### Exercise aim
Print the listing below only from the line that has "上:国旗・校旗の掲揚の様子です。" through the line that has "Powder-coated metal aluminum", exactly, and drop any picture.
Start of Material to process
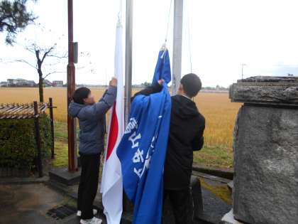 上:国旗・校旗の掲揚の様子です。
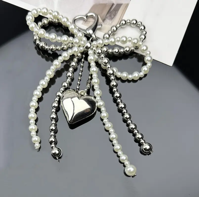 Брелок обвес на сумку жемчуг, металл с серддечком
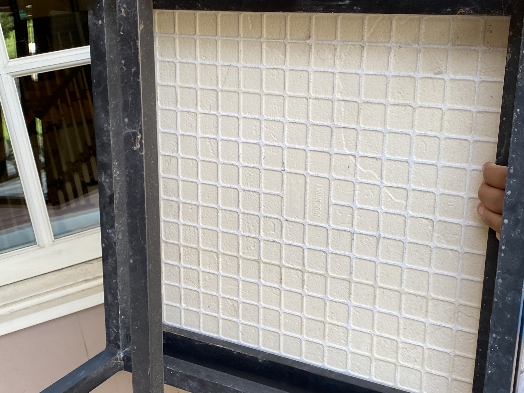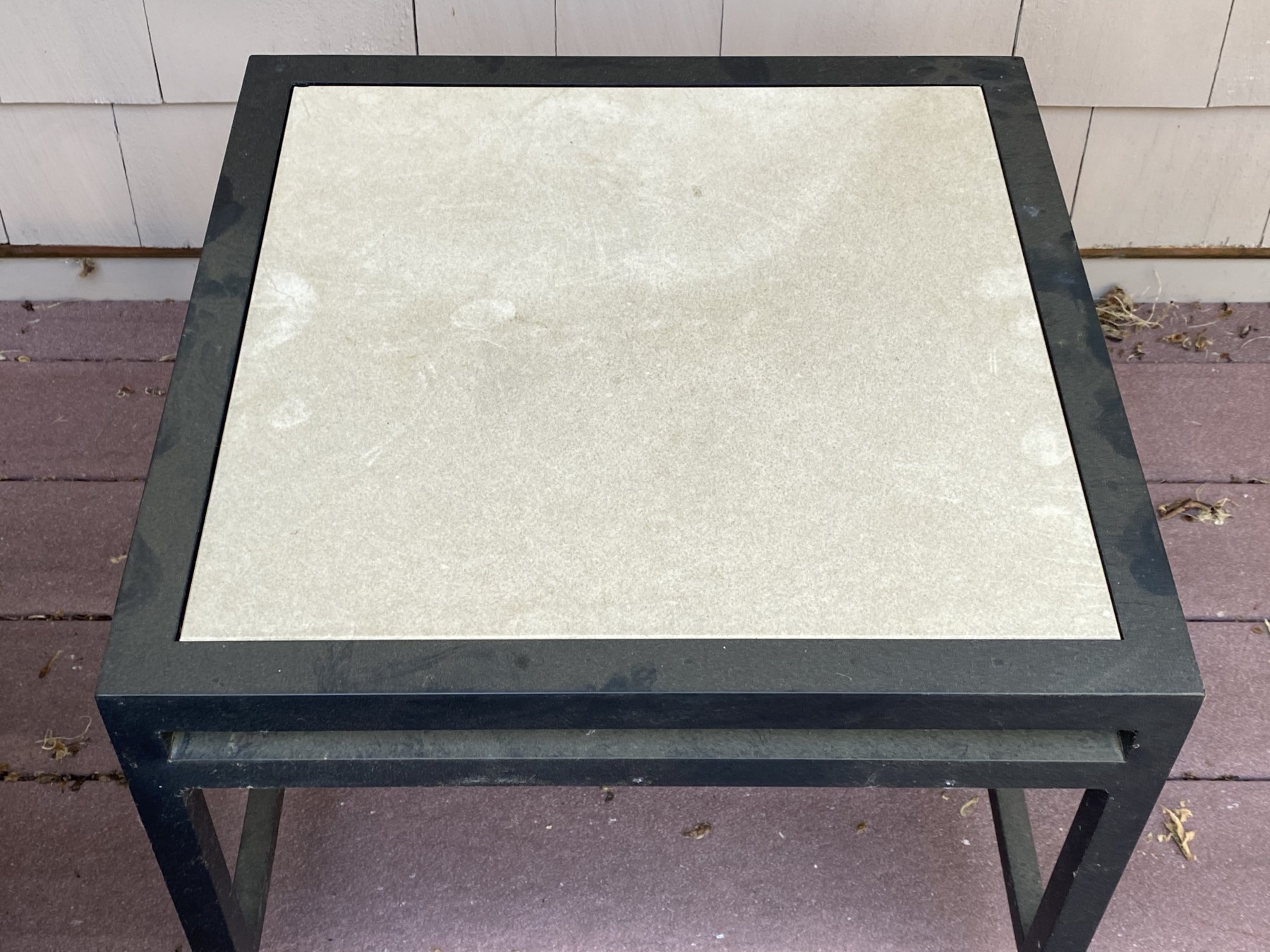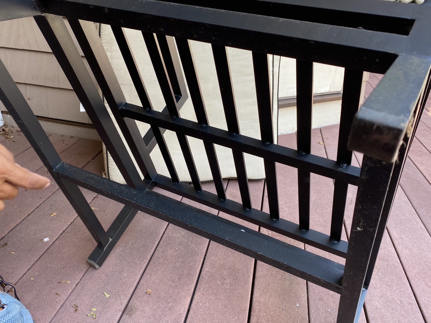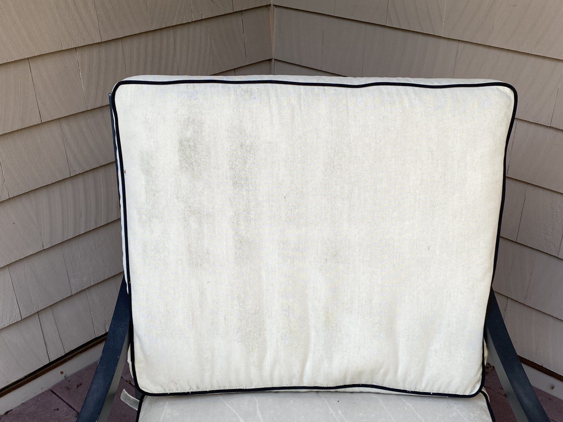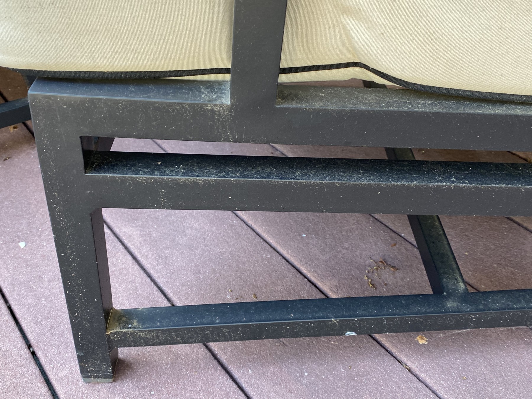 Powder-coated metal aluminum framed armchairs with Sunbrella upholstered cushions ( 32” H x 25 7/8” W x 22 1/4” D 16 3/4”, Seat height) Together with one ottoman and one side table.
End of Material to process
Start of Material to process
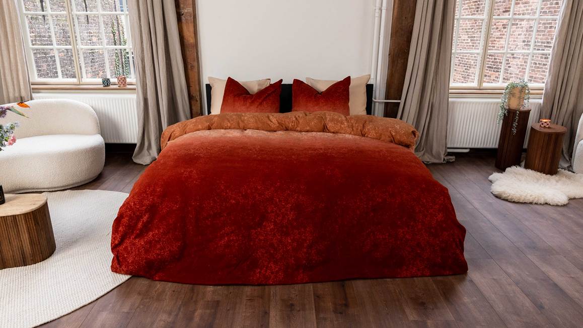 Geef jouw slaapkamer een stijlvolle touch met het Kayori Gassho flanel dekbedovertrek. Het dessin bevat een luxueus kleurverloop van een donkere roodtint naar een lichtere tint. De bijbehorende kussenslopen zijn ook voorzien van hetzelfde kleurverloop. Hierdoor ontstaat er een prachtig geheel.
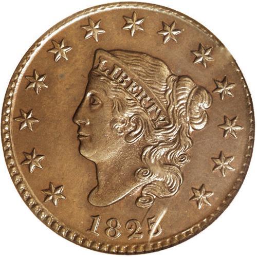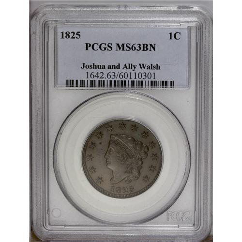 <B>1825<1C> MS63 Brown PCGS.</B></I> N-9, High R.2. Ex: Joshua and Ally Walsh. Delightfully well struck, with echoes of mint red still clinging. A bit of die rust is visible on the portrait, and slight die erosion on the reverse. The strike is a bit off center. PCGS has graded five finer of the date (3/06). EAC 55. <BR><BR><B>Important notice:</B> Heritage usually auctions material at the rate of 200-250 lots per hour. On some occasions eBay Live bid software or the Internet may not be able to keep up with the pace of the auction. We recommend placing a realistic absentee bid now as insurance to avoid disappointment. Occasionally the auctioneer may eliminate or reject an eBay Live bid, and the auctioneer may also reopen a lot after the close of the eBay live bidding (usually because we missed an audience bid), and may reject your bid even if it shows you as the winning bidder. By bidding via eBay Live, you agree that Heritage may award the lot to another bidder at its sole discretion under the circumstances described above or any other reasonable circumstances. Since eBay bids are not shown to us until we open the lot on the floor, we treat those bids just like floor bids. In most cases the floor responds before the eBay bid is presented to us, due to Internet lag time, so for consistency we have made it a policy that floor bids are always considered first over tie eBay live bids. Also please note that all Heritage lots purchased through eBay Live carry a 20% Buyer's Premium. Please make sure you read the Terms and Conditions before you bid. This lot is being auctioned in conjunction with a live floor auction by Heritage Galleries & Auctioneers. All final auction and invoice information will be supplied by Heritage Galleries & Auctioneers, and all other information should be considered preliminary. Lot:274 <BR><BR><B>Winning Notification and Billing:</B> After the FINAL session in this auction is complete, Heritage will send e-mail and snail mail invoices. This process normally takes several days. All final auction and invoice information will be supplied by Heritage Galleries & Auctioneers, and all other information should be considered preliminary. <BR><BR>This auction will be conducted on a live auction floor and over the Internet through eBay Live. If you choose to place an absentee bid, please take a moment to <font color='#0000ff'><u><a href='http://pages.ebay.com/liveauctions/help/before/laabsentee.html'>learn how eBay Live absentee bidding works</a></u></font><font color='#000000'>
End of Material to process
Start of Material to process
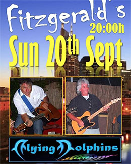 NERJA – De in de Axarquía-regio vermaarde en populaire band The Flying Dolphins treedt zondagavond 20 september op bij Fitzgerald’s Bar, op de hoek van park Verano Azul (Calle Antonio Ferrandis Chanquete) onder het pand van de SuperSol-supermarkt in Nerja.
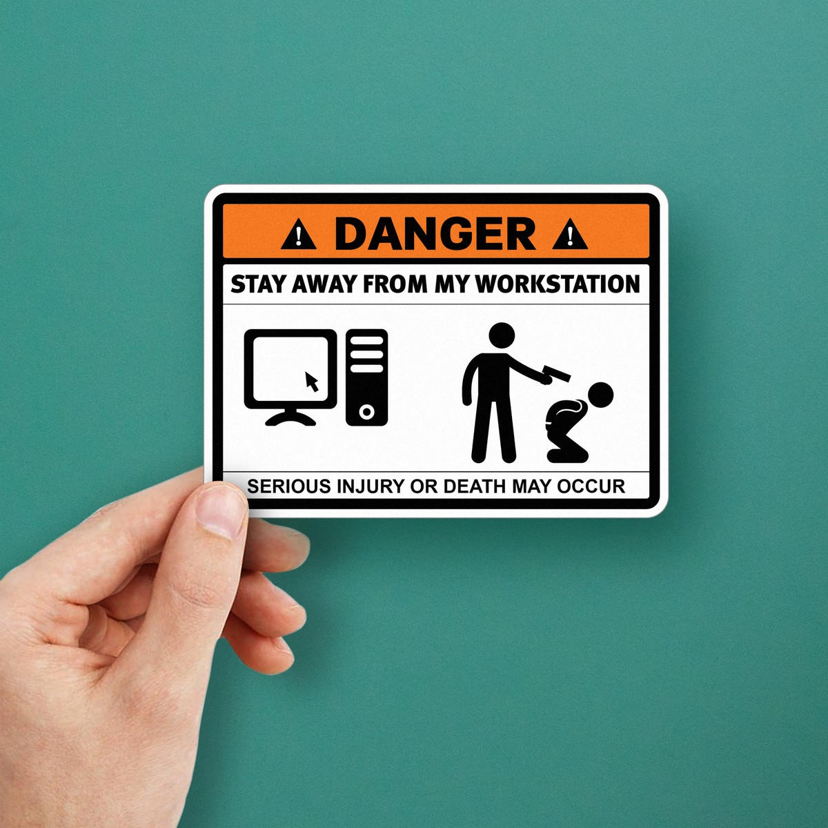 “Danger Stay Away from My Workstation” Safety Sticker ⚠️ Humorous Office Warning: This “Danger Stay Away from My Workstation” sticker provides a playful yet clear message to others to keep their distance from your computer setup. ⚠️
End of Material to process
### Output below
 上:国旗・校旗の掲揚の様子です。
 Брелок обвес на сумку жемчуг, металл с серддечком
 Powder-coated metal aluminum framed armchairs with Sunbrella upholstered cushions ( 32” H x 25 7/8” W x 22 1/4” D 16 3/4”, Seat height) Together with one ottoman and one side table.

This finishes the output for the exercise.